Шовинизм с каждым днем нагнетался грубо, беспардонно, накачивался мощными водометами речей, статей, лозунгов и проповедей — постепенно заполнял собой вакуумные участки под черепными коробками российского обывателя. Извечная ирония русского человека ко всему немецкому теперь старательно обращалась в неприязнь, которая — еще несколько сильных напоров водомета — вот-вот готова была перерасти уже в ненависть.
— А как же «не убий»? — спросил как-то Несвитаев отца Артемия.
— «Не убий» — это по отношению к ближнему своему, — усмехнулся батюшка, — а вот кто ближний, а кто нет — понимай, как тебе удобно и выгодно. Вельми мудрая все же вещь — Священное писание: всегда найдешь в нем то, что тебя вполне устраивает.
Но так откровенно говорил поп лишь наедине с Несвитаевым, с церковного амвона он свирепо изрыгал проклятия в адрес «германских басурманов».
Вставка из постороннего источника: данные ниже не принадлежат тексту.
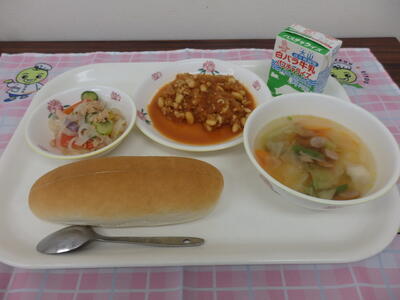 ご飯、ジャージャン豆腐、黒糖大学いも、中華スープ、牛乳
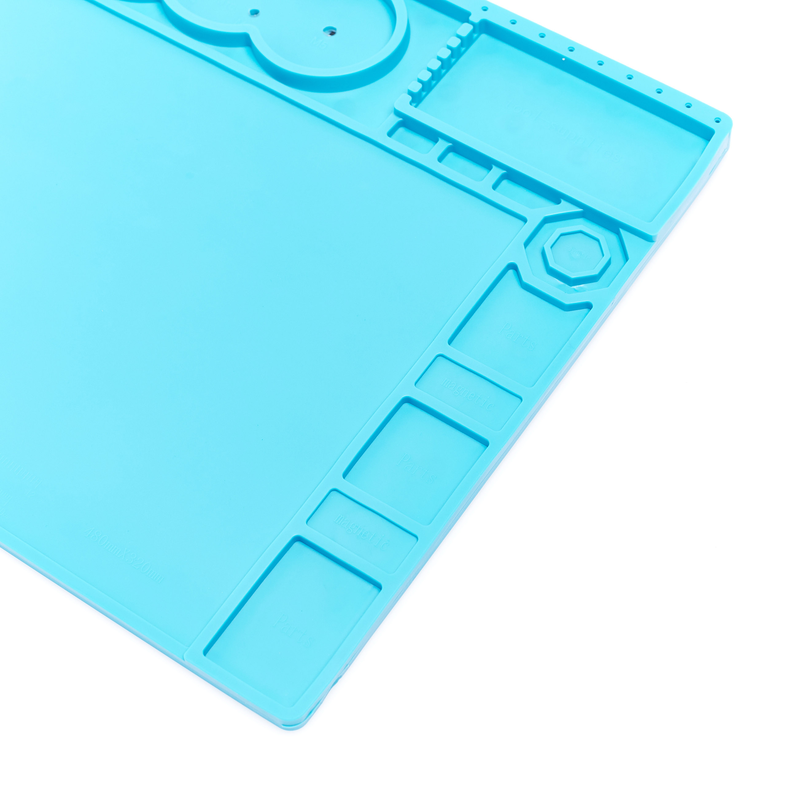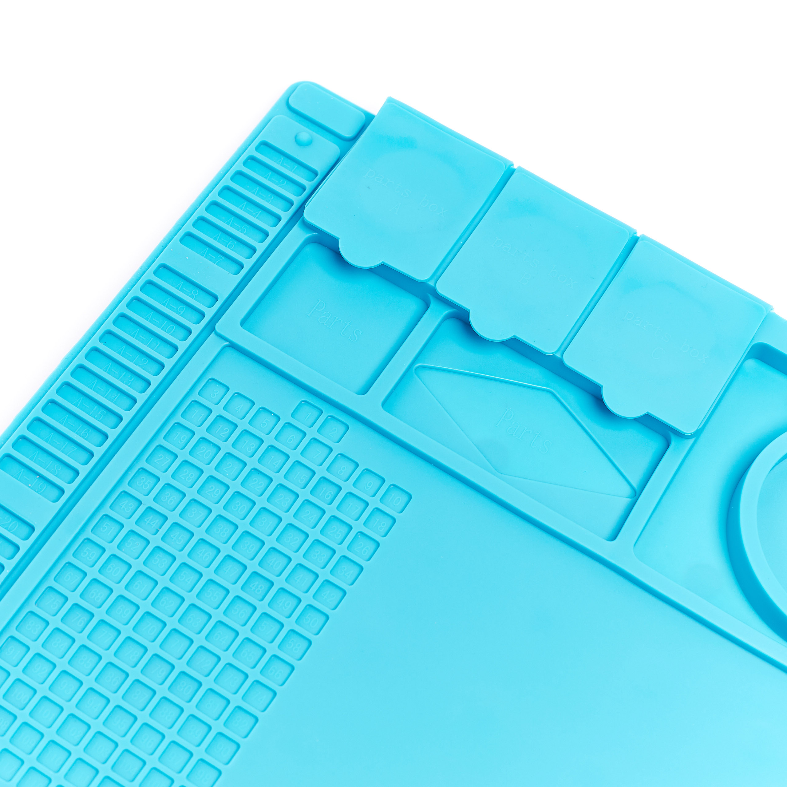 Wysokiej jakości mata silikonowa z wyprofilowanymi przegródkami poprawiająca komfort pracy w każdym serwisie. Antystatyczne właściwości oraz specjalne przegrody umożliwiają organizowanie i segregację elementów elektronicznych, śrubek itp. podczas pracy. Duża płaska powierzchnia oraz odporność na wysoką temperaturę pozwala na lutowanie płyt, ekranów położonych bezpośrednio na macie. Mata odporna na bardzo wysoką temperaturę do 500 ° C, pozwala na lutowanie bezpośrednio na niej. Wyposażona została w kilka różnych przegródek gdzie można umieścić np. śrubokręty, śruby, topniki, cynę, oraz inne małe elementy wykorzystywane w serwisie. Idealnie sprawdzi się do serwisów zajmujących się naprawą telefonów komórkowych, tabletów, komputerów, oraz innych miejsc gdzie potrzebna jest porządna mata antystatyczna z odpornością na wysoką temperaturę. Matę można czyścić wodą, alkoholem izopropylowym, lub innym płynem do czyszczenia płyt PCB. Mata została wyposażona w sekcje magnetyczną co pozwala na utrzymanie swojego miejsca pracy w idealnym porządku, wszystkie śrubki, czy inne metalowe komponenty będą w jednym miejscu. Mata, dzięki otworom montażowym idealnie sprawdzi się do montażu mikroskopu (3 otwory montażowe (śruby 4mm - brak w zestawie) W macie umieszczono metalową podstawę, która dodatkowo zapewnia stabilność, jest to zapewne najlepsza i najbardziej trwała mata wśród dostępnych na rynku.

Белкин замотался сам и замотал подводников. «Под-пла» — так теперь стал сокращенно именоваться Завотрядом подводных лодок в духе нового, склонного к деловому лаконизму века (даже Приморский бульвар стали называть Примбулем), — неделями не сходил на берег и всюду таскал за собой Несвитаева. Не обходилось без неприятностей. «Карп», «Карась» и «Камбала» тяжелели в буквальном смысле с каждым погружением. Выяснилось, пробковое дерево, которым немцы очень аккуратно нашпиговали специальные объемы плавучести в оконечностях лодок, на глубине, под давлением, впитывало в себя воду, набухало и со временем превращалось в балласт, создавая отрицательную плавучесть. Да-а, немецкие унтерботы преподносили сюрприз за сюрпризом. «У, коварные тевтоны!» — ругнулся Несвитаев и полез в чертежи: не могли же пунктуальные немцы сделать пакость без согласования с заказчиком. Так и есть! Под чертежами стояла согласующая подпись лейтенанта гвардейского флотского экипажа Вырубова, мужа императрицыной фрейлины Анны Вырубовой. «Ну что, что может понимать в подводных лодках придворный шармер, не ступавший ногой на военное судно и умудряющийся 90% служебного времени проводить в заграничных командировках?! — искренне озадачился инженер. — Видно, в России, чтобы иметь теплое местечко, вовсе не обязательно знать что-то — достаточно знать кого-то».